PREDICT: A data repository for cyber security research


Access to appropriate data is an essential component to successful research. In the area of cyber security, large-scale datasets containing realistic network traffic are necessary to understand how proposed methods and tools actually work in real-life situations. Such data, by its very nature, contains sensitive information about users and organizations and is subject to legal and regulatory restrictions. It is therefore not easy for researchers to acquire this data.

As a component of their effort to advance research infrastructure for cyber security, DHS established The Protected Repository for Defense of Infrastructure against Cyber Threats (PREDICT), to provide a trusted framework for sharing real-world security-related datasets. As the only freely available, legally collected repository of large-scale datasets containing real network traffic and system logs, PREDICT provides access to data that can be used by the research community to test and evaluate research prototypes and by government technology decision-makers to evaluate competing cyber security tools and methods.
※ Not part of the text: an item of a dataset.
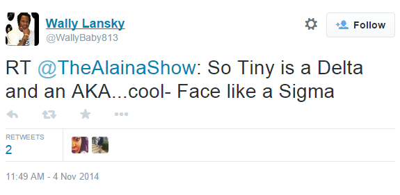 Tiny was recently pictured throwing up Delta Sigma Theta AND Alpha Kappa Alpha sorority hand signs in new Instagram pictures…

In establishing PREDICT, a set of key issues for sharing these types of data has been addressed: providing secure, centralized access to multiple sources of data; assuring confidentiality to protect the privacy of the individuals and the security of the networks from which the data are collected; assuring data integrity to protect access to the data and ensure its proper use; and protecting proprietary information and reducing legal risks.

In this presentation, we discuss the PREDICT framework for acquiring and sharing datasets, the process by which researchers are authorized to access the data, related program activities that have been initiated in response to issues encountered in developing PREDICT, and future activities.